■ Task: Please repeat each line from the one holding "Beyaz Renk Kalp" through the final line of the data, exactly as it stands, with no pictures.

■ Source information:
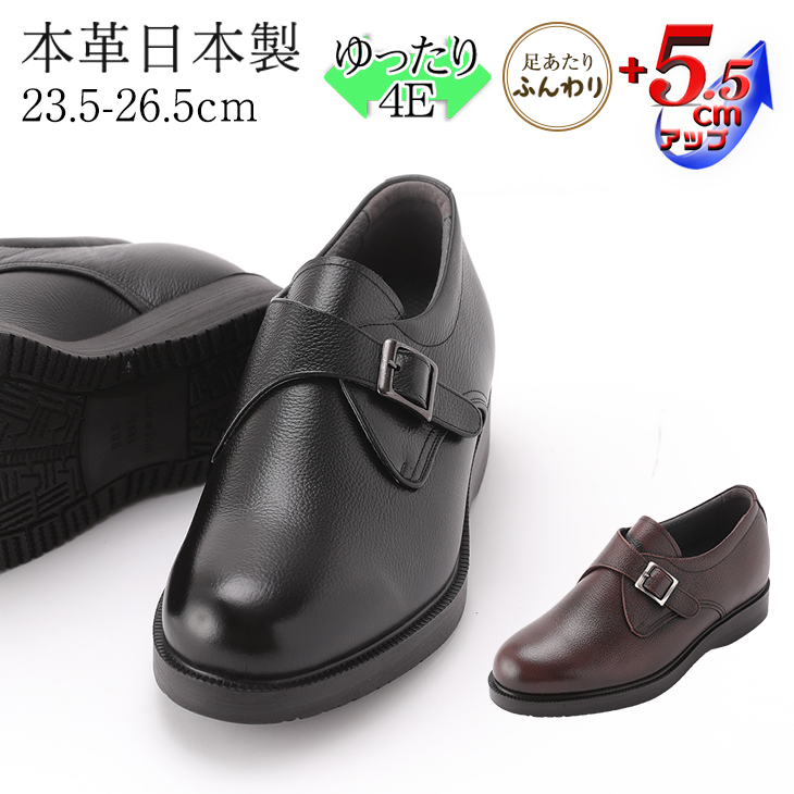【送料無料】No.921牛革モンクプレーンシューズ【NEW5.5cmヒールアップシューズ】代引手数料無料!
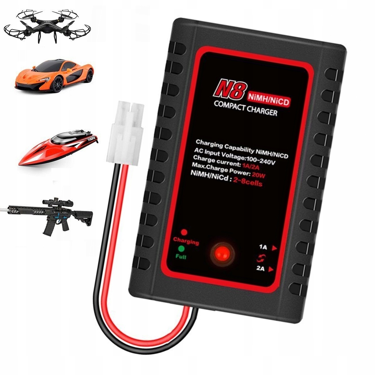 【Розумний зарядний пристрій NiMH】Зарядний пристрій N8 NiMH професійно розроблено для заряджання акумуляторів NiMH/NiCD на 2–8 секунд (2,4–9,6 В) у дронах/автомобілях на радіоуправлінні/човнах із радіоуправлінням/зброї для страйкболу. Інтелектуальна зарядка із захистом від перезаряду, безпечна та ефективна.
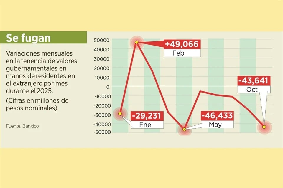 Monterrey, NL.- En octubre se registró una salida de capitales por 43 mil 641 millones de pesos, hilando siete meses consecutivos a la baja, acumulando en el año una salida por 167 mil 865 millones de pesos en valores gubernamentales, de acuerdo con cifras del Banco de México (Banxico).
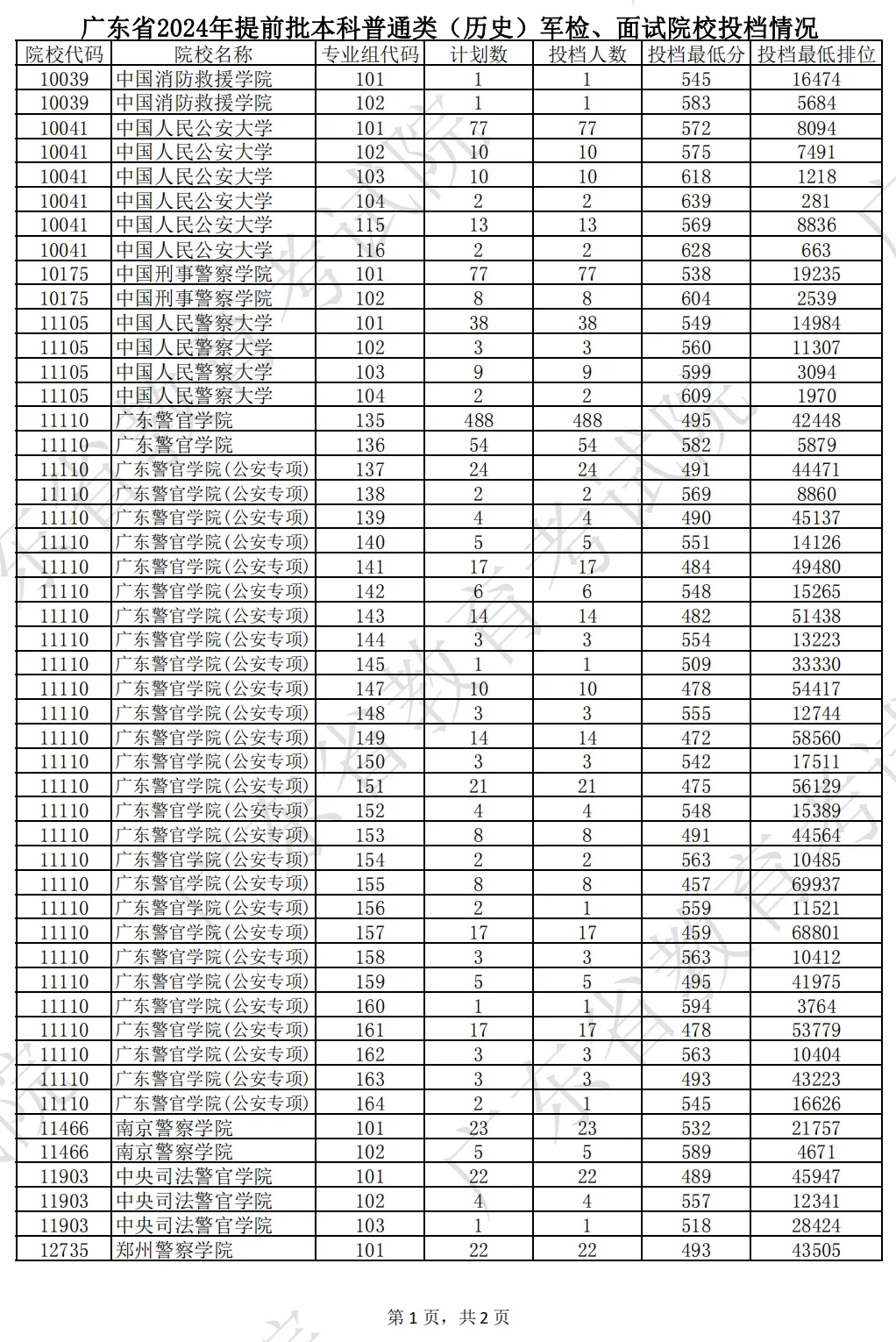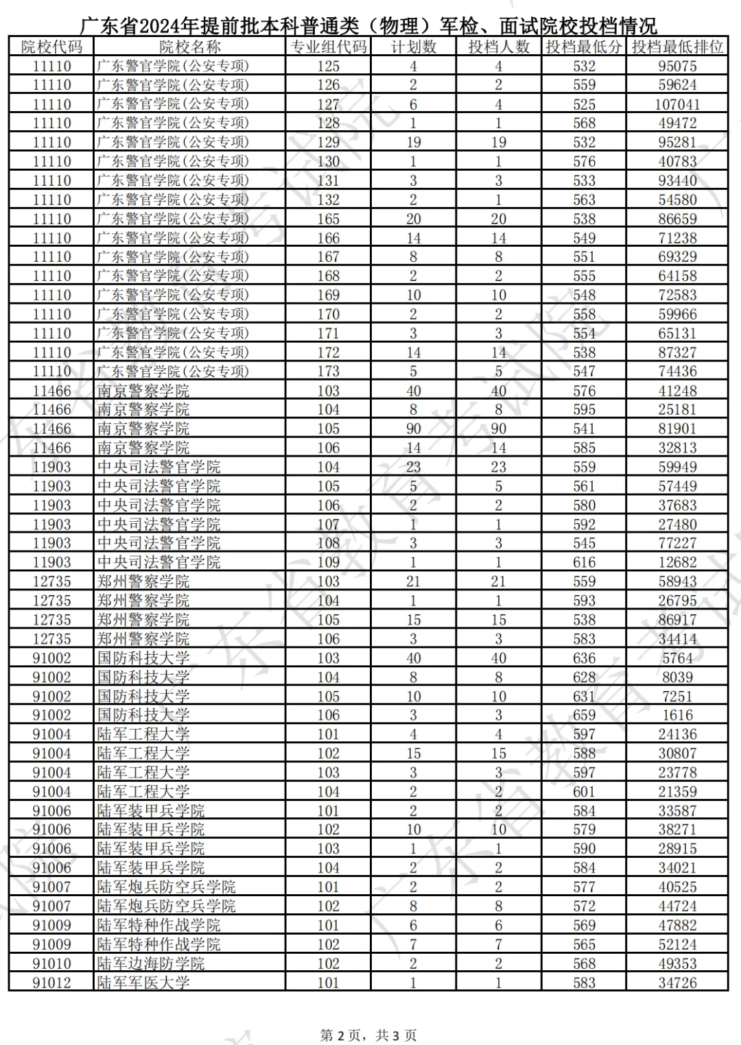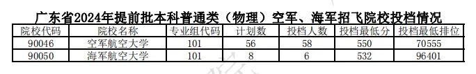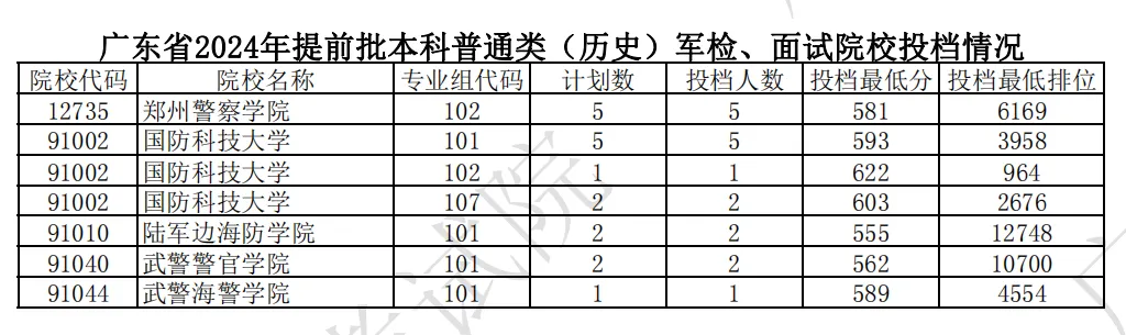 温馨提示:模拟志愿填报用掌上高考,信息丰富准确,一键生成“冲-稳-保”志愿。点击此处,开始精准填报吧!广东省2024年夏季普通高校招生录取工作于7月8日正式开始。省招生办对提前批普通类的空军、海军招飞和军检院校以及本科艺术类院校的“统考+校考”类别和戏曲类省际联考进行了投档。目前,空军、海军招飞已完成录取工作,其中空军招飞录取60人,海军招飞录取6人。军检院校共投出3211人,其中军检院校普通类(物理)投出2121人,普通类(历史)投出1090人。从投档结果来看,绝大部分院校均满档。提前批军检院校以及本科
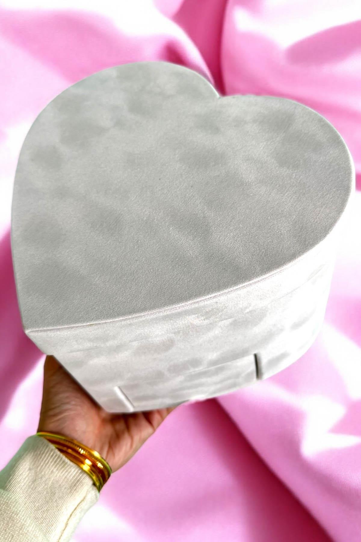 Beyaz Renk Kalp Figürlü Çekmece Detaylı Kadife Hediye Kutusu
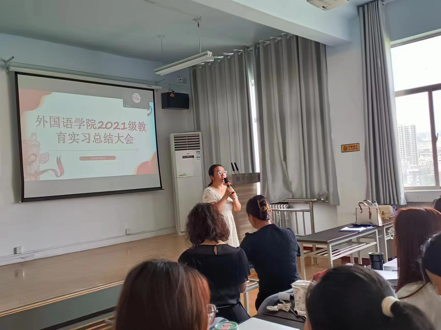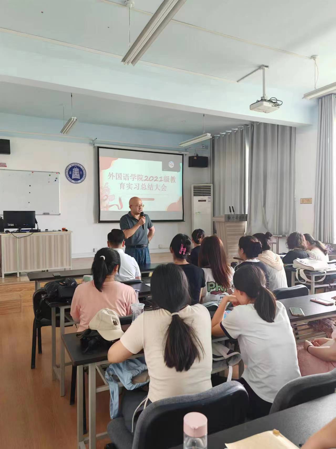 最后,英语系主任陈倩老师对实习后续相关工作作以说明,希望同学们能够认真总结,深入反思,进一步提高实践技能。

■ Solution:
 Beyaz Renk Kalp Figürlü Çekmece Detaylı Kadife Hediye Kutusu
 最后,英语系主任陈倩老师对实习后续相关工作作以说明,希望同学们能够认真总结,深入反思,进一步提高实践技能。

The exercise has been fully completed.